Review: Elizabeth Kerner – Song in the Silence

Song in the Silence
Elizabeth Kerner

Lanen Kaelar has longed to explore the world since she was a small girl because she was abandoned by her travelling mother. When her father dies, she is determined to go to the Dragon Isles where no ship has returned from in the last 20 years. Not to be daunted, she goes anyway.

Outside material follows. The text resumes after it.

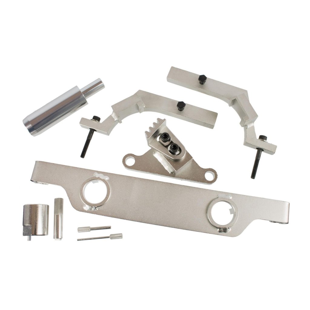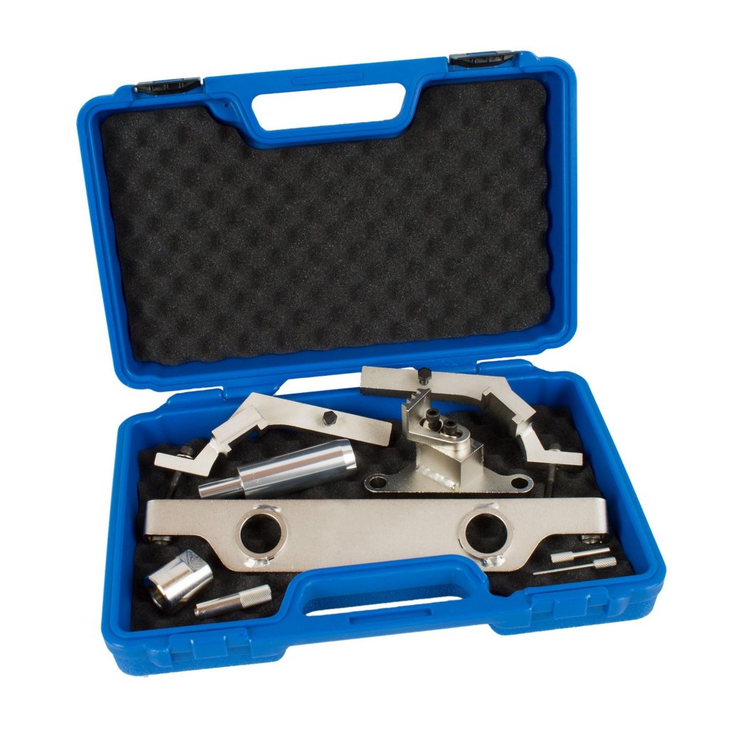 Denna sats innehåller alla verktyg som behövs för att justera och hålla kamaxeln, vevaxeln och kedjespännarens komponenter under utförande av större motorarbete eller byte av kamkedja och tillhörande delar.
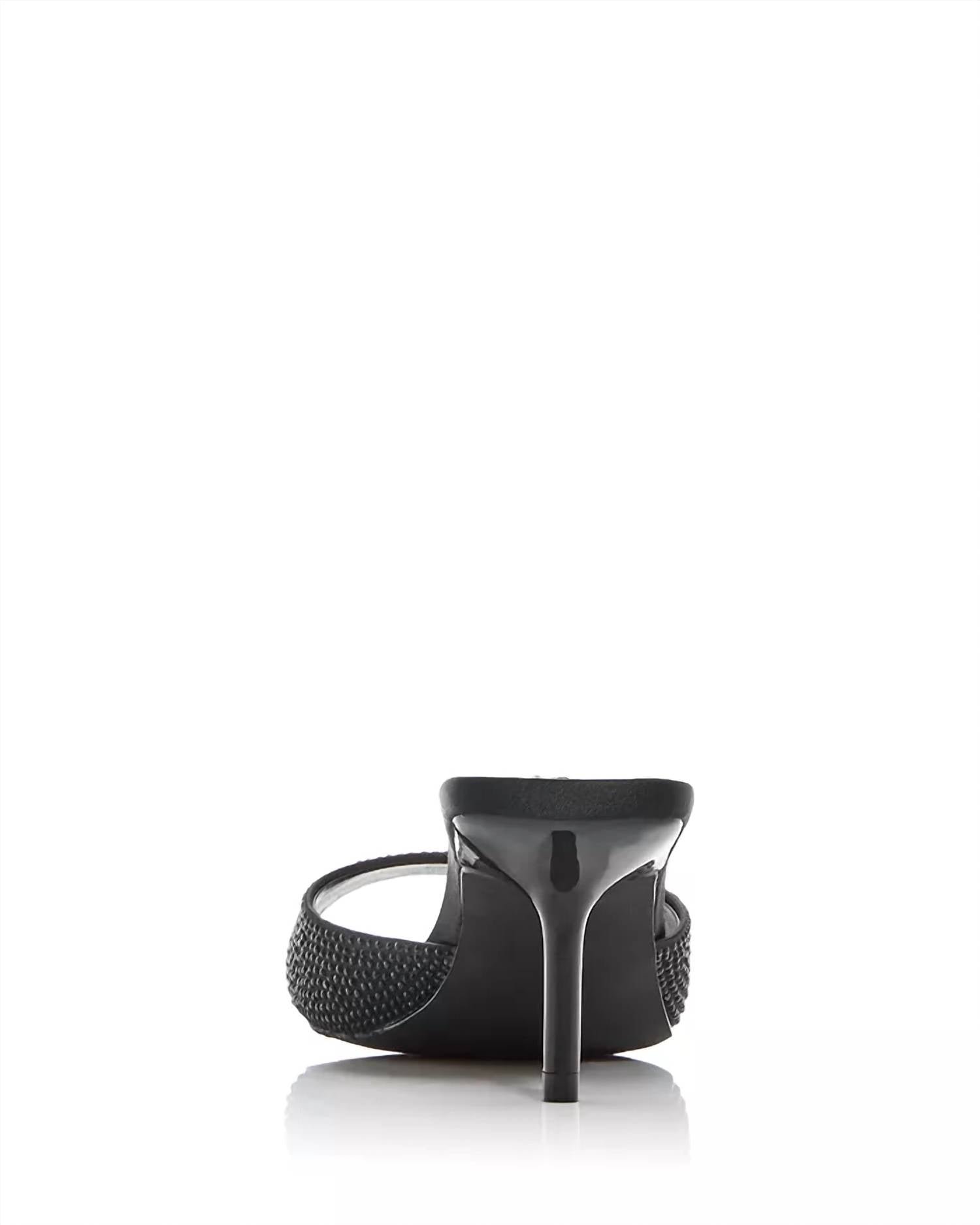 A trend that everyone is loving and this style might just be our favorite.These sandals feature an open square toe and a slip-on design, adorned with allover crystal embellishments for a glamorous touch. The 1.5′ stiletto heel adds elegance, while the fabric upper, synthetic lining, and sole offer both comfort and style.

Apparently (according to the blurb) she has been exposed to the most horrible family life ever growing up. I was expecting her to be beaten every night and have to sleep on the hearth rug. Instead she just seemed not to fit in. Um, ok, getting married is definitely not everyone’s cup of tea and your father not loving you much is painful, but you have a loving farm hand to help you out! When she sets out on her trip, it’s not like she’s being held back.

There is a lot of talking and not much action. Sure, they take out a too-friendly stableman which prompts a long story assisted by plenty of ale. But no action! No forward motion! Sigh. Nothing enough here to keep my attention.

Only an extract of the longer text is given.